Organic copper compounds, characterized by carbon-copper bonds, play a pivotal role in organometallic chemistry. As one of the oldest transition metals used in synthetic organic chemistry, copper remains a staple in the synthesis of natural products. The unique properties of organocopper compounds make them indispensable for conjugate additions and various critical reactions. Learn more：organic copper.

Applications
Cross-Coupling Reactions:
Copper has been a longstanding choice for catalyzing cross-coupling reactions, predating the development of palladium catalysts by nearly a century.
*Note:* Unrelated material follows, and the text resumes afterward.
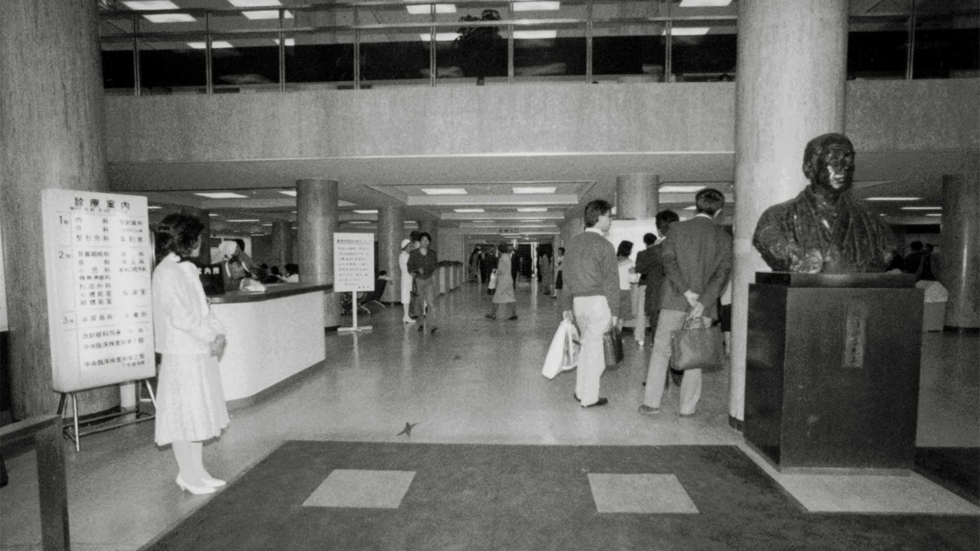 Hospital Entrance (Central Building and New Building). In 1986, the new university hospital building (now Building 2) was opened as part of the 125th-anniversary project of Keio University. This photo shows the building at the time of its completion ceremony. The Central Building is in the foreground, and the New Building extends behind it. A Bronze Statue of Yukichi Fukuzawa was installed at the entrance.

While palladium offers faster and more selective reactions, copper has regained popularity due to its environmental friendliness and cost-effectiveness. The cross-coupling reaction mechanism involves the oxidative addition of alkyl halides to Cu (I), forming planar Cu (III) intermediates, followed by reductive elimination, with nucleophilic attack as the rate-determining step.

Coupling Reactions:

Oxidative Coupling: Includes the coupling of copper acetylides to conjugated alkynes in the Glaser coupling or to aryl halides in the Castro-Stephens Coupling.
Reductive Coupling: Involves the coupling of aryl halides with copper metal in the Ullmann reaction.
Decarboxylation Coupling: Utilizes a catalytic amount of Cu (I) to displace the carboxyl group, forming an aryl copper (ArCu) intermediate. Concurrently, palladium catalysts convert aryl bromides into organic palladium intermediates, leading to the formation of ArPdAr’.
The Sonogashira cross-coupling reaction is a prominent example using organocopper compounds as catalysts. This reaction, crucial for carbon-carbon bond formation in organic synthesis, is valued for its mild conditions—conducted at room temperature, in aqueous media, or with a mild base—making it suitable for complex molecule synthesis. Its applications span the production of natural products, organic materials, pharmaceuticals, and nanomaterials.

Conjugate Addition:
When Grignard reagents are added to cyclohexenone in the presence of Cu (I), it results in a 1,4-addition rather than a 1,2-addition, prompting extensive research on conjugate additions to enones with organocuprates. With Grignard reagents, the reaction with enones proceeds via 1,2-addition. The mechanism involves copper (II) 1,4-addition forming Cu (III) intermediates through the nucleophilic addition of Cu (I) species at the β-carbon of the alkene, followed by reduction and elimination of Cu (I).